Barea has a $1.65 million salary (pending restricted free agent) and the Knicks happen to have a $1.6M trade exception they have yet to use. Would Dallas, considering they have sharp-shooting rookie Roddy Beaubois on the bench, make that kind of move? Probably not.
But keep looking around the league. The Grizzlies are always going to be conscious of the luxury tax threshold and they have extra guards. Jamaal Tinsley (expiring $1,033,733) isn't the best finisher, but he knows how to run an offense and hit the open man. He has helped the Grizzlies this season and has done well in his comeback after the fallout in Indiana. Walsh knows Tinsley well and the Brooklyn native would love the opportunity to play for the Knicks.
With Tinsley, the Knicks could up the tempo more and get out and run more with Wilson Chandler, David Lee, Danilo Gallinari and Nate Robinson as finishers.
But is that really enough?
Sacramento is also loaded with guards, especially with the return of Kevin Martin. Though there were some rumors about teams inquiring about the oft-injured Martin (Knicks need to visit this in the offseason for sure), the Kings appear to be interested in seeing how Rookie of the Year favorite Tyreke Evans looks with Martin with him in the backcourt before they make any rash decisions.
But Martin's return means less minutes for Sergio Rodriguez, who has longed to play in New York and for D'Antoni. Rodriguez's salary ($1.89 million) just makes it for the Knicks to offer their exception (125 percent rule). For the Kings, it gets them closer to the salary cap and saves some money. For the Knicks, it gets them a crafty playmaker who is having a terrific year (44.7% FG, 37.8 3PT%, 3.1 assists/1.4 turnovers in 13.2 minutes per game) and would be a good short-term solution. Rodriguez will be a restricted free agent this summer with a $2.8M qualifyer. The Knicks could waive this to clear him from the 2010 salary cap or, if he fares well, they could retain him for a very cheap price.
The Knicks could use their trade exception to entice the Portland Trail Blazers into giving up Rudy Fernandez ($1.16 million), who isn't a point guard but would upgrade their talent. Or push the Blazers to consider a player swap for Steve Blake ($4.9M expiring). The question, of course, is what would the Blazers want for Blake? Know this: Kevin Pritchard isn't going to just give Blake away, especially to a team he knows desperately needs a point guard.
Walsh brought in his scouts to meet and discuss all options before the trade deadline. Even Kevin Wilson, the team's European scout who pushed Walsh to draft Danilo Gallinari, is in town. Wilson is very close to the family of one heralded point guard prospect that remains very much on the radar: Ricky Rubio.

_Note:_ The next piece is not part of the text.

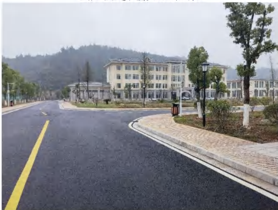
主体工程区雨水口（2022年11月）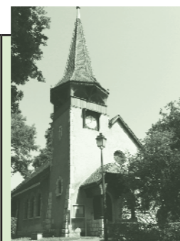
Chapelle des Crêts au Grand-Saconnex Ch. des Crêts-de-Pregny 11

In 10 games for Regal FC Barcelona, Rubio isn't exactly putting up huge numbers. In fact, they look very similar to Duhon's production: 6.4 points, 5.6 assists and shooting 38.1 percent from the field. But people -- especially Wilson -- remain enamored with the 19-year-old's potential and the kind of impact he could have in the NBA game.
As Berman wrote in today's Post, the Knicks haven't given up on working out something with the Minnesota Timberwolves if or when David Kahn decides to move the 2009 lottery pick. And there is a belief that the Knicks, with the New York market, would have the leverage to work something out with Barcelona to release Rubio from his contract earlier than the 2011-12 season, which is in his contract.
Of course before all of this you must consider that the Knicks right now can't do anything with their trade exception until they open up a roster spot. The NBA has not yet completed Cuttino Mobley's medical retirement, so he remains on the roster and counts against the cap.
But you can be assured that if Walsh does anything before the Feb. 18 deadline -- and all indications are he plans to -- it will involve a point guard.